We now have a list of the comments per hour and counts per hour, now let's compute the average comments per hour.

In [23]:
avg_by_hour = []
for hr in comments_by_hour:
    avg_by_hour.append([hr, comments_by_hour[hr]/ counts_by_hour[hr]])
avg_by_hour

[['09', 5.5777777777777775],
 ['13', 14.741176470588234],
 ['10', 13.440677966101696],
 ['14', 13.233644859813085],
 ['16', 16.796296296296298],
 ['23', 7.985294117647059],
 ['12', 9.41095890410959],
 ['17', 11.46],
 ['15', 38.5948275862069],
 ['21', 16.009174311926607],
 ['20', 21.525],
 ['02', 23.810344827586206],
 ['18', 13.20183486238532],
 ['03', 7.796296296296297],
 ['05', 10.08695652173913],
 ['19', 10.8],
 ['01', 11.383333333333333],
 ['22', 6.746478873239437],
 ['08', 10.25],
 ['04', 7.170212765957447],
 ['00', 8.127272727272727],
 ['06', 9.022727272727273],
 ['07', 7.852941176470588],
 ['11', 11.051724137931034]]

In [24]:
swap_avg_by_hour = []
for row in avg_by_hour:
    swap_avg_by_hour.append([row[1], row[0]])
print(swap_avg_by_hour)
sorted_swap = sorted(swap_avg_by_hour, reverse = True)
sorted_swap

[[5.5777777777777775, '09'], [14.741176470588234, '13'], [13.440677966101696, '10'], [13.233644859813085, '14'], [16.796296296296298, '16'], [7.985294117647059, '23'], [9.41095890410959, '12'], [11.46, '17'], [38.5948275862069, '15'], [16.009174311926607, '21'], [21.525, '20'], [23.810344827586206, '02'], [13.20183486238532, '18'], [7.796296296296297, '03'], [10.08695652173913, '05'], [10.8, '19'], [11.383333333333333, '01'], [6.746478873239437, '22'], [10.25, '08'], [7.170212765957447, '04'], [8.127272727272727, '00'], [9.022727272727273, '06'], [7.852941176470588, '07'], [11.051724137931034, '11']]


[[38.5948275862069, '15'],
 [23.810344827586206, '02'],
 [21.525, '20'],
 [16.796296296296298, '16'],
 [16.009174311926607, '21'],
 [14.741176470588234, '13'],
 [13.440677966101696, '10'],
 [13.233644859813085, '14'],
 [13.20183486238532, '18'],
 [11.46, '17'],
 [11.383333333333333, '01'],
 [11.051724137931034, '11'],
 [10.8, '19'],
 [10.25, '08'],
 [10.08695652173913, '05'],
 [9.41095890410959, '12'],
 [9.022727272727273, '06'],
 [8.127272727272727, '00'],
 [7.985294117647059, '23'],
 [7.852941176470588, '07'],
 [7.796296296296297, '03'],
 [7.170212765957447, '04'],
 [6.746478873239437, '22'],
 [5.5777777777777775, '09']]

In [25]:
print("Top 5 Hours for Ask Post Comments")
for avg,hr in sorted_swap[:5]:
    print("{}: {:.2f} average coments per post.".format(
    dt.datetime.strptime(hr, "%H").strftime("%H:%M"),avg) )

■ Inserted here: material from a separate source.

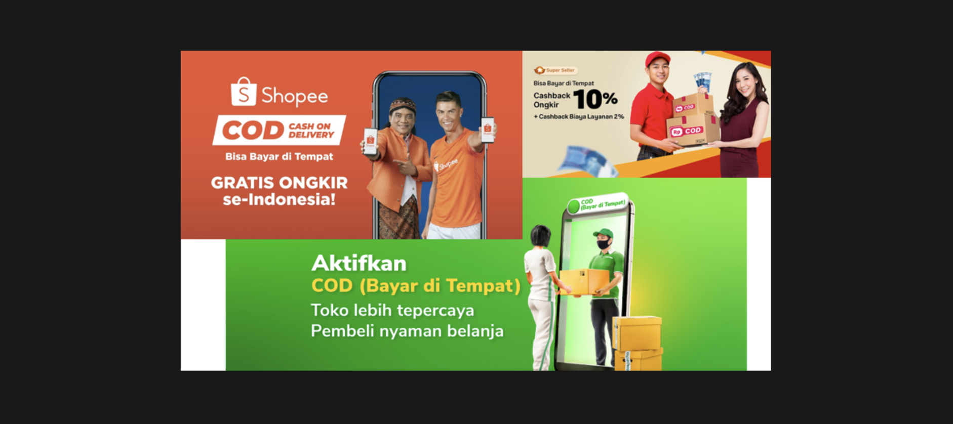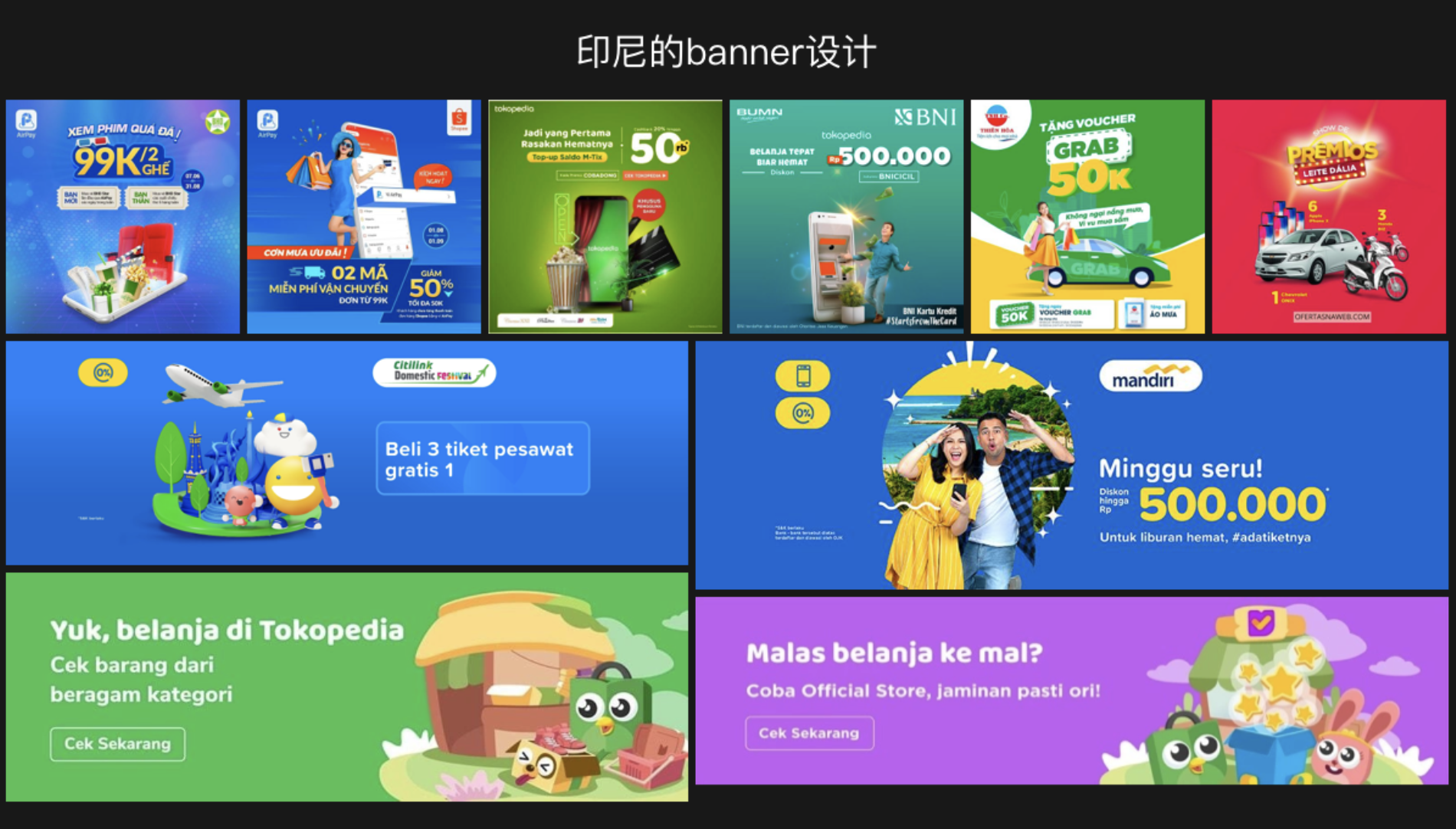 下圖是印尼本土的 banner 風(fēng)格,local 的設(shè)計偏愛使用濃重的色彩,且純度大于明度。背景大部分是采用純色,沒有過多的氛圍裝飾。運用高飽合度色彩的前進(jìn)感,使主體從背景中突出
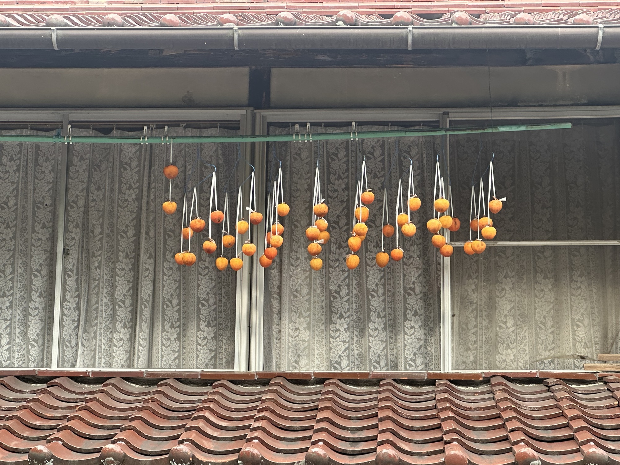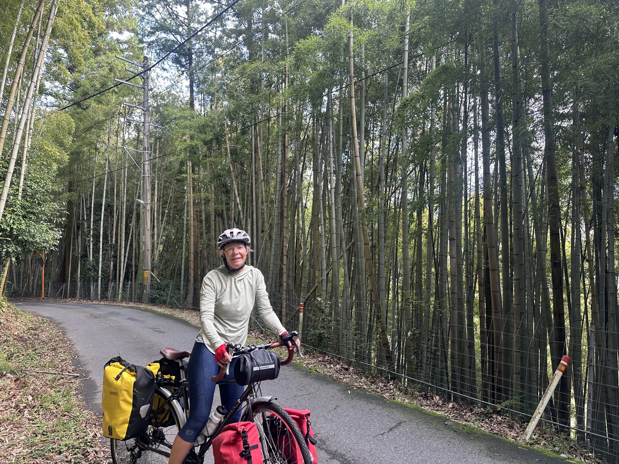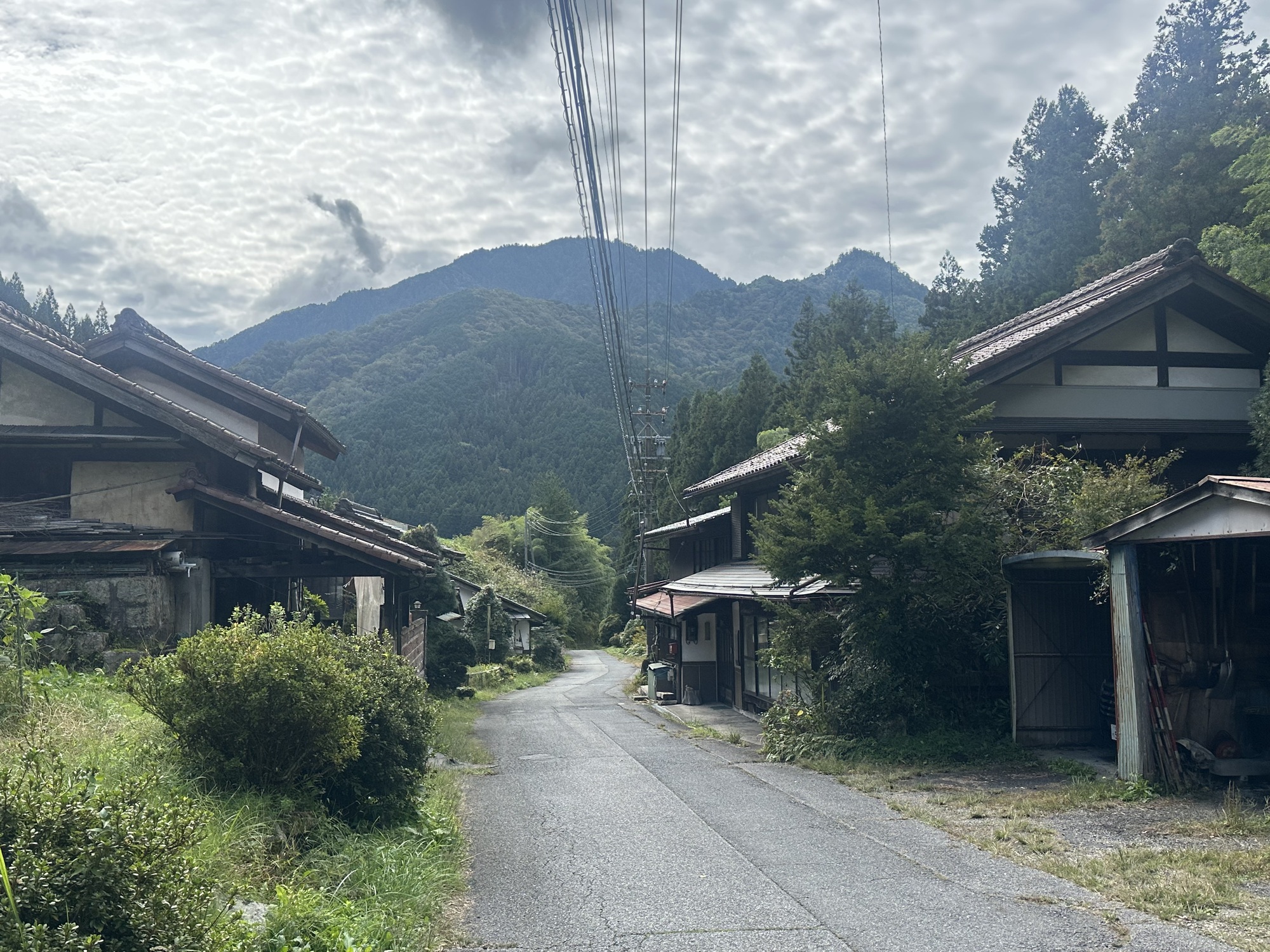 Once we turned west and left the Kiso valley to head to Nakatsugawa (a large town where we’d been able to find accommodation — guest house prices in the touristy post towns were waaaay out of our budget), Komoot did the Komoot thing and found crazily obscure ways cross country to get us into town. Tracks across rice paddies, roads barely 6 feet wide careening into river valleys and back up, back alleys connecting two normal sized roads. It all worked and provided a unique look at the spaces between the big roads, but often there was that feeling of … really??… then we’d pop out in a suburb or behind a factory or right onto the only bridge for miles.

Top 5 Hours for Ask Post Comments
15:00: 38.59 average coments per post.
02:00: 23.81 average coments per post.
20:00: 21.52 average coments per post.
16:00: 16.80 average coments per post.
21:00: 16.01 average coments per post.


The hour which contains the most average comments per post is 3pm, averaging 15 more comments per post than the next closest hour, 2am.

# Conclusion
With this project we set out to analyze Hacker News, and see what type of posts receive more comments, and whether or not posts created at a certain time received more comments on average. 

What we discovered is that Ask posts receive more comments than Show posts, which logically fits what is expected of the user posting. We also found that 3pm posts contain the most comments, with 2am and 8pm falling to 2nd and 3rd most common commenting time periods.